What the exercise asks => Wherever "Вьетнам" turns up in a line of the entries below, that line counts. Say how many such lines there are, with no other words.
++++ Supplied records ++++
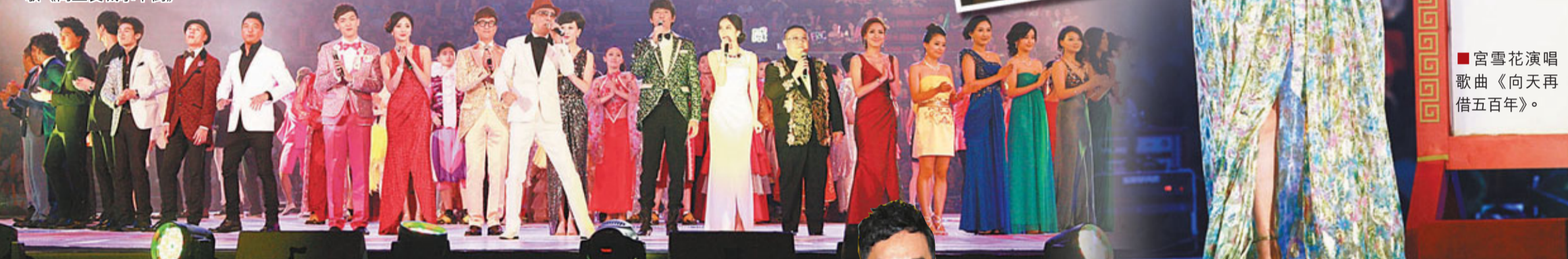
一眾亞視藝員台上表演時裝騷。
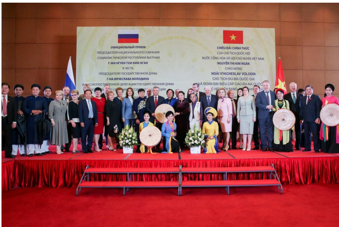
В зале заседания Национального собрания Социалистической Республики Вьетнам

официальный визит Председателя Государственной Думы Федерального Собрания Российской Федерации В.В.Володина в Социалистическую Республику Вьетнам (г. Ханой, 22–25 декабря 2018 г. ).
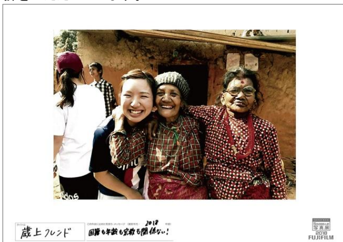
タイトル 歳上フレンド

さらに、今年も昨年に引き続き、本写真展の趣旨に賛同いただいた複数企業・団体との共同企画展を併催します。ご両親からお子さまへの愛情が伝わる写真やペットの愛らしい姿、食卓を囲む家族の笑顔など、素晴らしい写真がたくさん寄せられています。毎年この共同企画を通して初めて写真展に参加される方も多く、「写真を会場で見ると、スマホの画面とは違う大サイズプリントの迫力を感じられる」「一緒に会場に行く家族の笑顔や感想が楽しみ」など大変好評をいただいています。
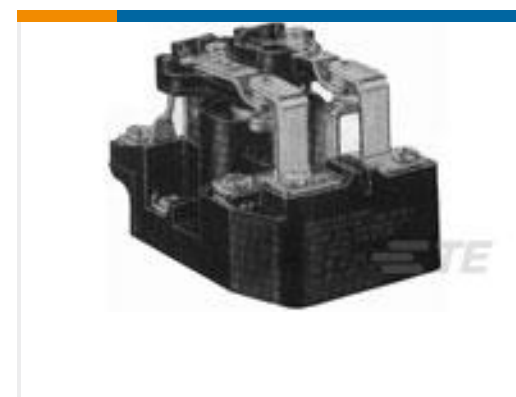
TE 产品编号3-1393127-1 PRD-11AY0-480=PRD
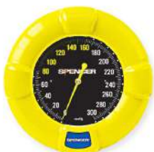
เครื่องวัดความเร็วรถ ชนิดติดผนัง ผลิตภัณฑ์ SPENCER
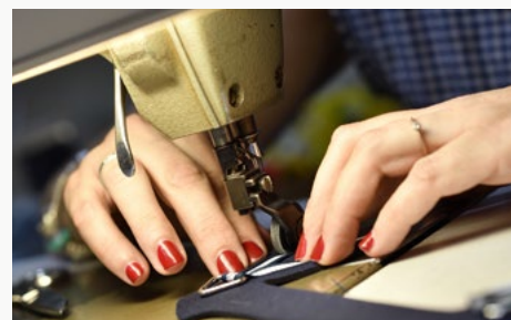
Tillverkning av handgjorda skor från Spaniens största sko- och sandalområde i Alicante-provisen.
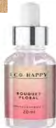
Bruma Rosas Ref : Hum0014

Propriedade: anti-stress O aroma limpio é um concentrado de óleos essenciais de coco, manga e ananás. Possui propriedades aromáticas. Reduz a ansiedade e promove o relaxamento, alivia dores de cabeça e outras dores crônicas, melhora o humor e o bem-estar pessoal. Além disso, promove o apetite sexual.
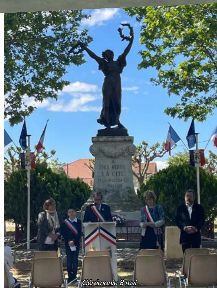
Cérémonie 8 mai
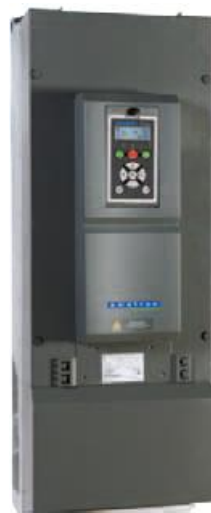
Типоразмер F2 IP20
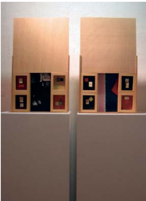
Mariano Calvé , Oriente-Occidente , 2004, raku, madera y fotos, 78x47 cm 2 piezas

los escultores como los ceramistas, que es el cuenco de las manos, con el que concebimos nuestra sobras (...) Esta exposición nada tiene que ver con ese aspecto tradicional y conocido de la cerámica a la que estamos acostumbrados. Es ésta una propuesta novedosa y moderna, a base de materiales con los que los artistas experimentan y hacen sus creaciones; artistas del máximo nivel no sólo dentro de nues-
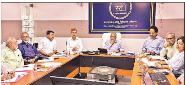
रेरा के लखनऊ मुख्यालय पर बैठक करते अध्यक्ष संजय भूस्रेड्डी।

इससे राजधानी में आवासीय व व्यावसायिक ढांचा और मजबूत होगा। मुरादाबाद में 335.77 करोड़ लागत की एक व्यावसायिक परियोजना में 627 आवासीय इकाइयां, बदायूं में 72 करोड़ की एक आवासीय परियोजना में 226 आवासीय इकाइयां, वाराणसी में 36.68 करोड़ लागत की एक आवासीय परियोजना में 98 आवासीय इकाइयां, मेरठ में 20.25 करोड़ लागत की एक आवासीय इकाइयां विकसित की जाएंगी।
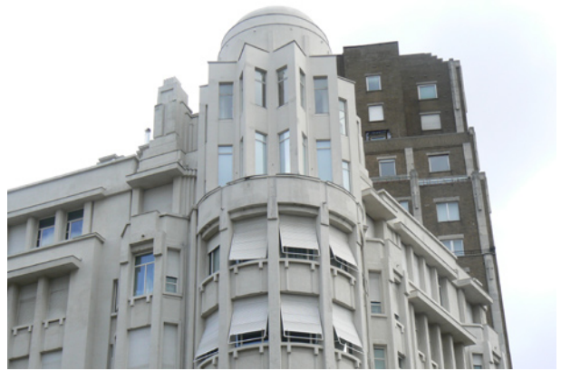
Palais de la Folle Chanson
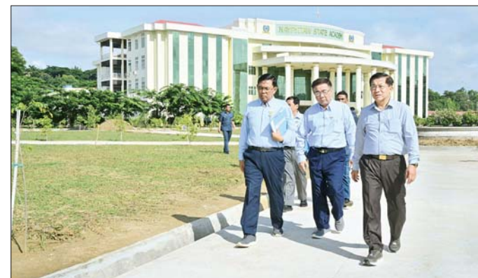
နိုင်ငံတော်စီမံအုပ်ချုပ်ရေးကောင်စီဥက္ကဋ္ဌ နိုင်ငံတော်ဝန်ကြီးချုပ် ဗိုလ်ချုပ်မှူးကြီး မင်းအောင်လှိုင် နေပြည်တော်ရှိ Naypyitaw State Academy တက္ကသိုလ်ပရဝဏ်အတွင်း ကြည့်ရှုစစ်ဆေးစဉ်။

Naypyitaw State Academy သို့ ရောက်ရှိကြပြီး တက္ကသိုလ် ပရဝဏ်အတွင်း ၂၀၂၄ ခုနှစ် ပထမ အကြိမ် မိုးရာသီသစ်ပင်စိုက်ပျိုးပွဲ တွင် စိုက်ပျိုးခဲ့သည့် သစ်ပင် များ ရှင်သန်ဖြစ်ထွန်းလျက်ရှိမှု တက္ကသိုလ်အတွင်း ဘွဲ့နှင်းသဘင် ခန်းမနှင့် စာသင်ဆောင်များ ဆောက်လုပ်လျက်ရှိမှု အခြေ အနေများကို ကြည့်ရှုစစ်ဆေးပြီး ကျောင်းသား ကျောင်းသူများ ပျော်ရွှင်အေးချမ်းစွာဖြင့် ပညာ သင်ကြားနိုင်ရေး တက္ကသိုလ် ပရဝဏ်အတွင်း သန့်ရှင်းသာယာ လှပစေရေး လိုအပ်သည်များကို လမ်းညွှန်မှာကြားသည်။ ထို့နောက် နိုင်ငံတော်စီမံ အုပ်ချုပ်ရေး ကောင်စီဥက္ကဋ္ဌ နိုင်ငံတော်ဝန်ကြီးချုပ်နှင့် အဖွဲ့ဝင် များသည် Naypyitaw State Polytechnic University သို့ ရောက်ရှိကြပြီး ၂၀၂၄ ခုနှစ် ဒုတိယ အကြိမ် မိုးရာသီသစ်ပင်စိုက်ပျိုး ပွဲတွင် စိုက်ပျိုးခဲ့သည့်သစ်ပင် လျက်ရှိမှုနှင့် ဘောလုံးကွင်း တည်ဆောက်နေမှု အခြေအနေ များ ရှင်သန်ဖြစ်ထွန်းလျက်ရှိမှု၊ အဆောက်အဦများ ဆောက်လုပ် များကို လှည့်လည်ကြည့်ရှုစစ်ဆေး
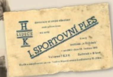
Pozvánka na první ples hokejového klubu Lidice, pořádaný, kde jinde než „U Štěpána“
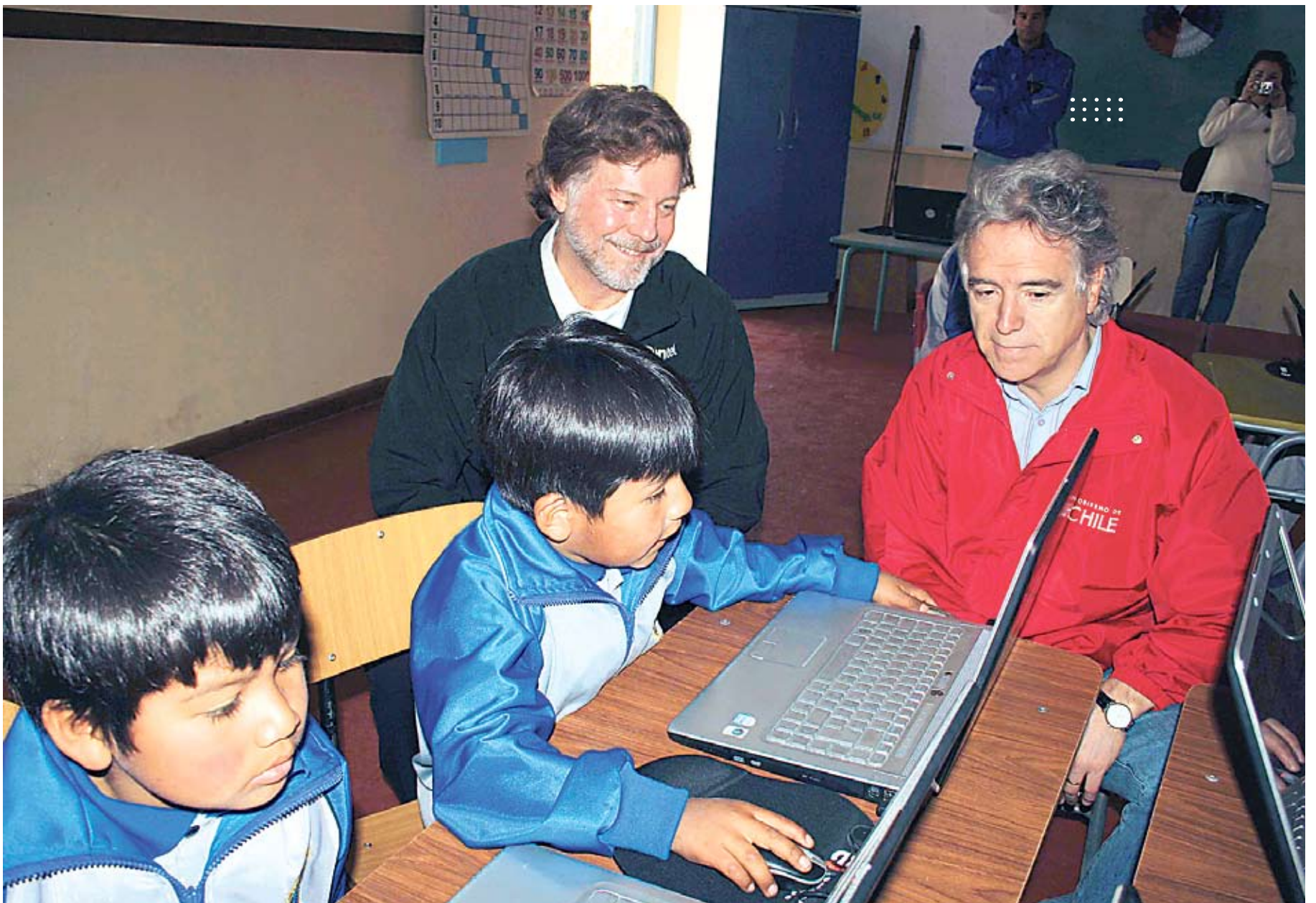
La Banda Ancha Móvil es un gran impulso para la educación de niños de zonas rurales.
++++
Output of the task => 2